__Task statement__
Extract exactly and only the lines from the one containing "图四、邱上其(左一)购买两套保洁服赠送给六丈屯保洁员。 (周贻刚 摄)" through the end of the entries below. Pictures should not appear in the copy.

__Material provided__
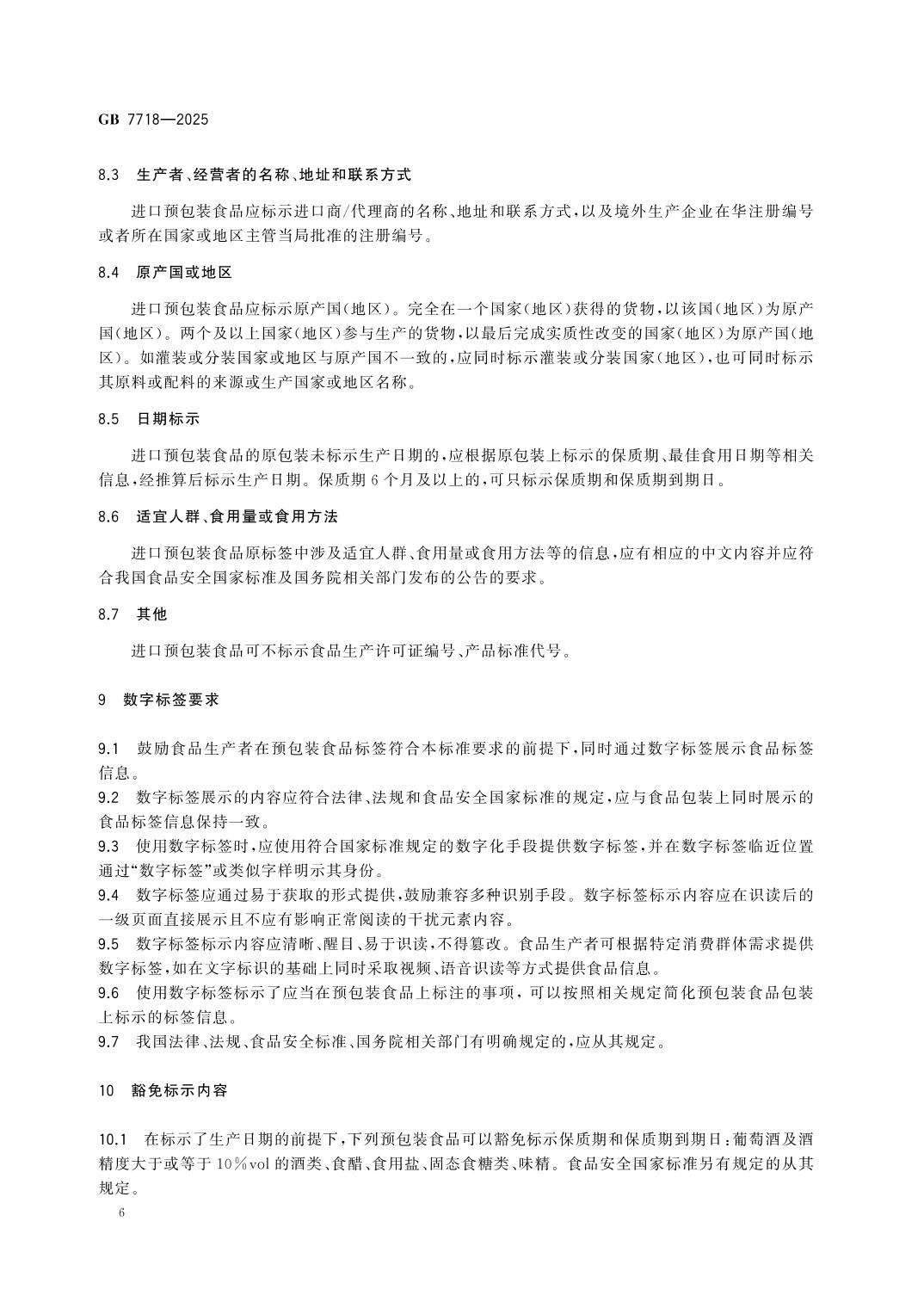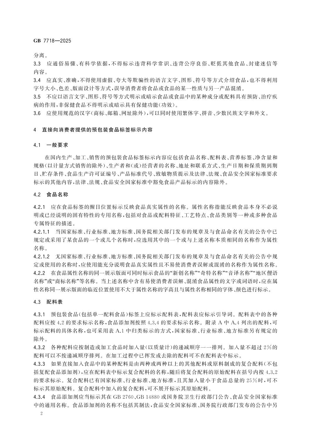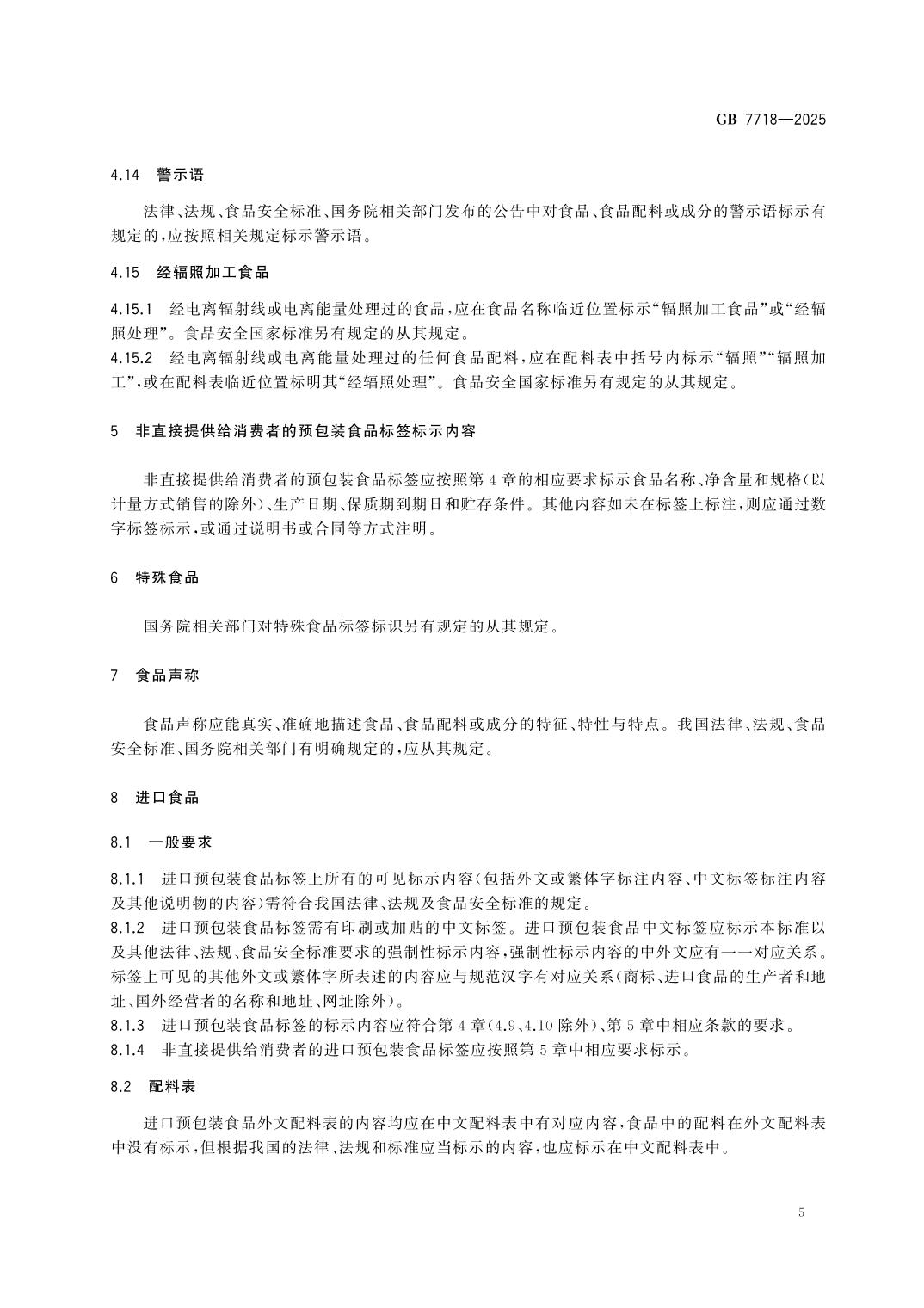 GB7718-2025食品安全国家标准 预包装食品标签通则
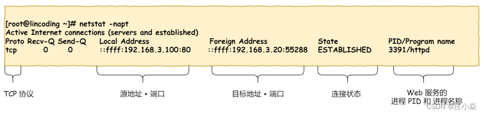 TCP 的连接状态查看,在 Linux 可以通过 netstat -napt 命令查看。
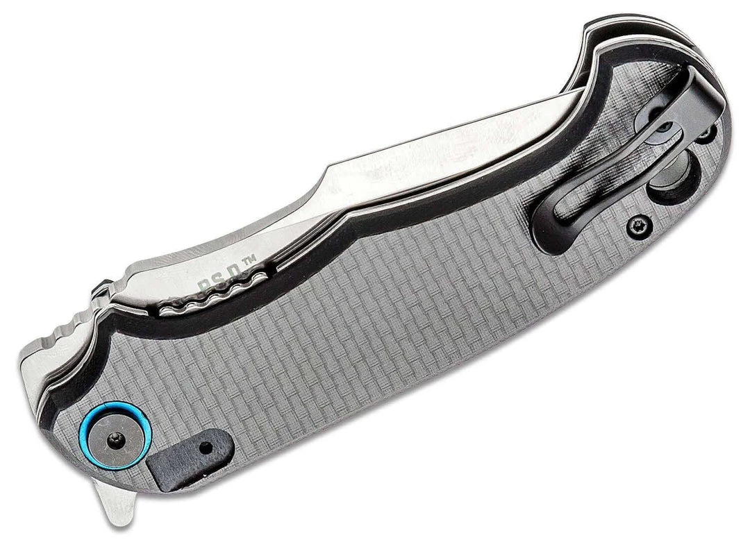 When designer Jim Hammond of Birmingham, Alabama put pen to paper, he did so with the intention of creating a knife that was equal parts powerful, compact, and highly aesthetic. The PSD hits the mark. The impossible-to-miss re-curve of the blade performs when making deep cuts and slicing, while the double grind makes pushing more efficient. The surprisingly compact G10 and carbon fiber handle accommodates a solid four-finger grip and is finished with an electric blue pivot and pocket clip.Â
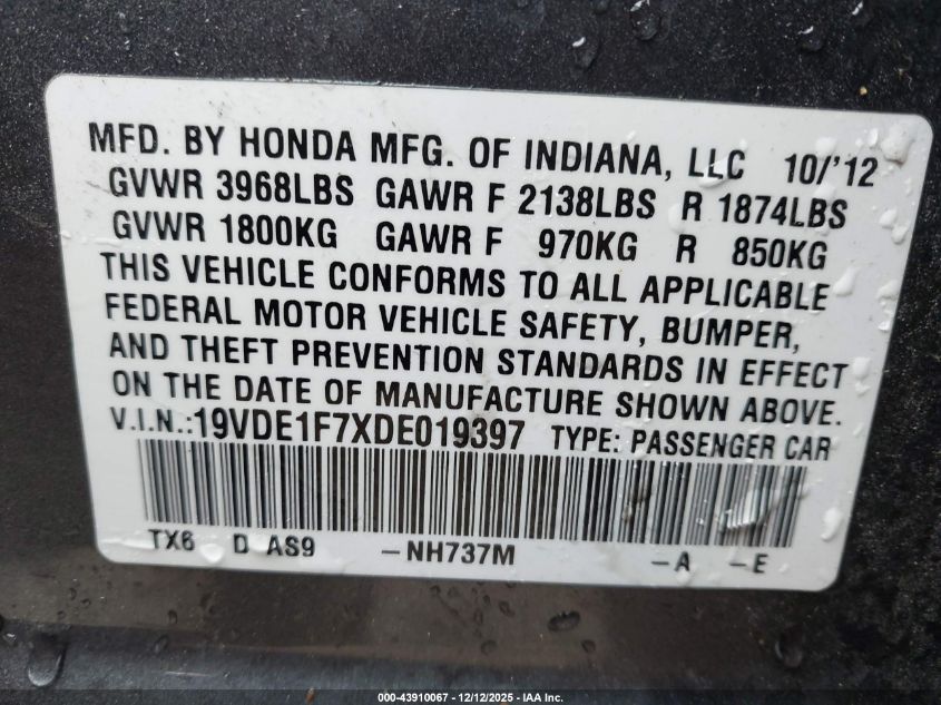 Цвет ЧерныйЦилиндры 4Привод Передний приводVIN 19VDE1F7XDE019397Состояние Заводится и едет (проверено)Повреждения Передняя или задняя AutoRIA
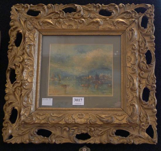SIGNED GULLINI, BOATS AT THE HARBOUR, OIL ON BOARD, 12.5 X 14CM
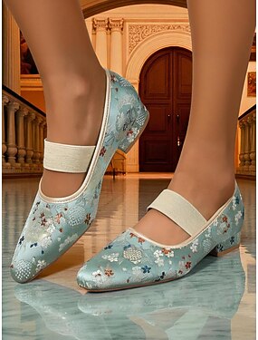 Lyseblå jacquard Mary Jane-sko til dame - rokokkoinspirerte, komfortable tursko med blomsterbroderi og elastisk stropp, middelaldersk eventyrstil for vintage-elskere, kostymefester og hverdagsfester
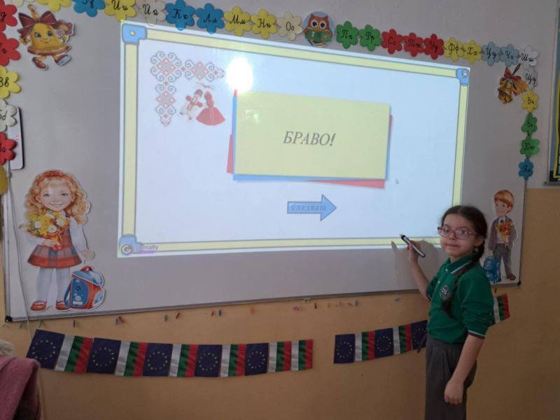 Децата с интерес изгледаха тематична презентация, която ги запозна с историята и символиката на празника. Чрез красиви изображения и достъпен текст, учениците научиха за значението на червено-белите конци и традицията да се закичваме с мартеници за здраве и благополучие.
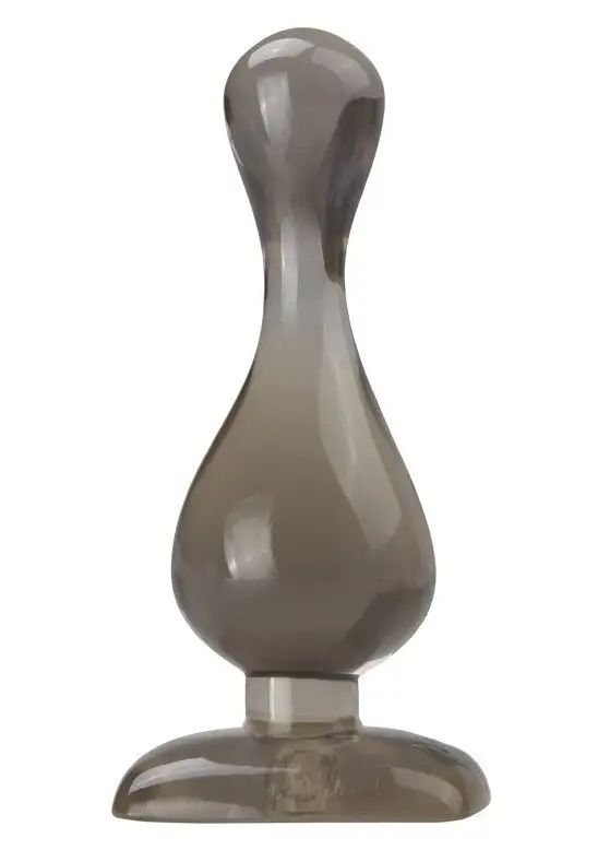 Дымчатый анальный плаг каплевидной формы. Гладкий кончик облегчает ввод. Широкое ограничительное основание не позволит протолкнуть игрушку на опасную глубину. Минимальный диаметр - 1 см. В верхней части - 2 см В нижней максимальный диаметр - 3.5 см.
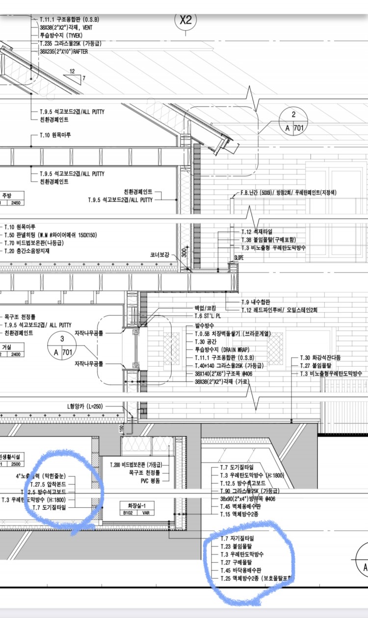 3,4,5 보통 단독주택이라면 시멘트액체방수를 많이쓰는데 도막방수로 되어있는것이 더 신경을 더 많이 쓴겁니다.
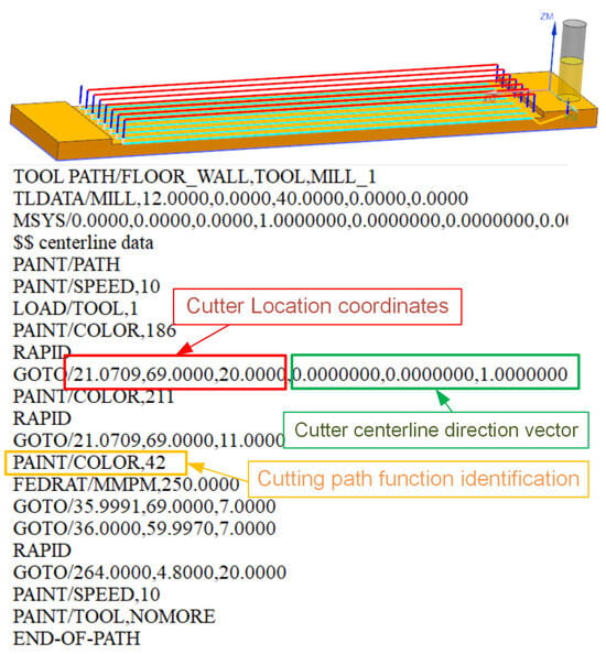In the previous section, we explained the OMM-based iterative correction method for SSM. In this section, we introduce the method for compensation machining according to the corrected deformation prediction results. In this study, the compensation of machining deformation was achieved through the identification and modification of the cutter location source file (CLSF). As shown in Figure 9, the CLSF contains information such as cutter location coordinates, tool centerline direction, and tool path function parameters. During end milling, the tool centerline is always perpendicular to the part surface. Therefore, according to the principle of mirror compensation, for the deformation compensation of the end milling process, we need only translate the cutter location coordinates along the direction of the tool centerline by a distance that is equal to the predicted deformation.
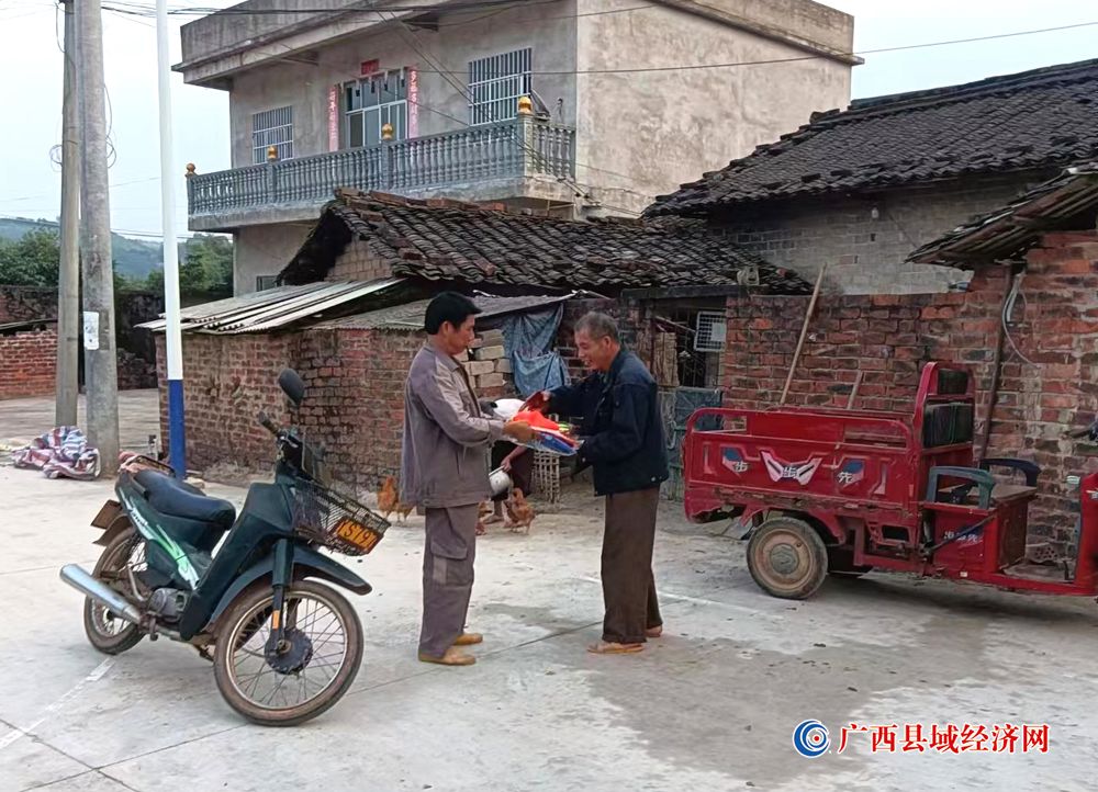图四、邱上其(左一)购买两套保洁服赠送给六丈屯保洁员。 (周贻刚 摄)
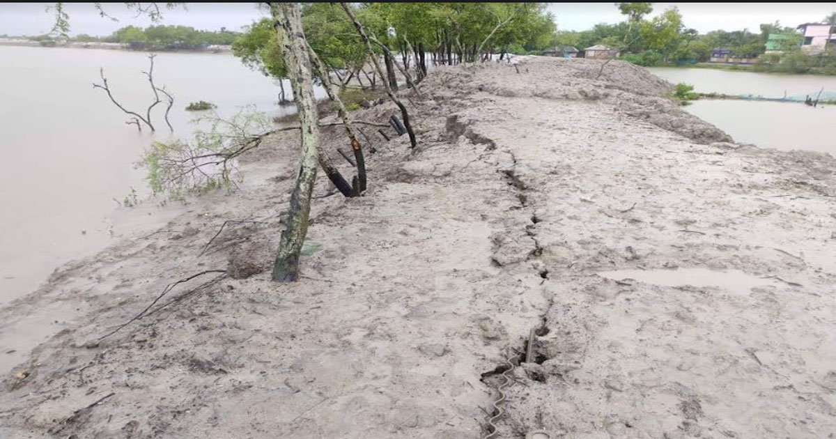 অতিরিক্ত বৃষ্টি ও নদীর পানির জোয়ারে বেড়িবাঁধে ফাটল, আতঙ্কে এলাকাবাসী

__Result below__
图四、邱上其(左一)购买两套保洁服赠送给六丈屯保洁员。 (周贻刚 摄)
 অতিরিক্ত বৃষ্টি ও নদীর পানির জোয়ারে বেড়িবাঁধে ফাটল, আতঙ্কে এলাকাবাসী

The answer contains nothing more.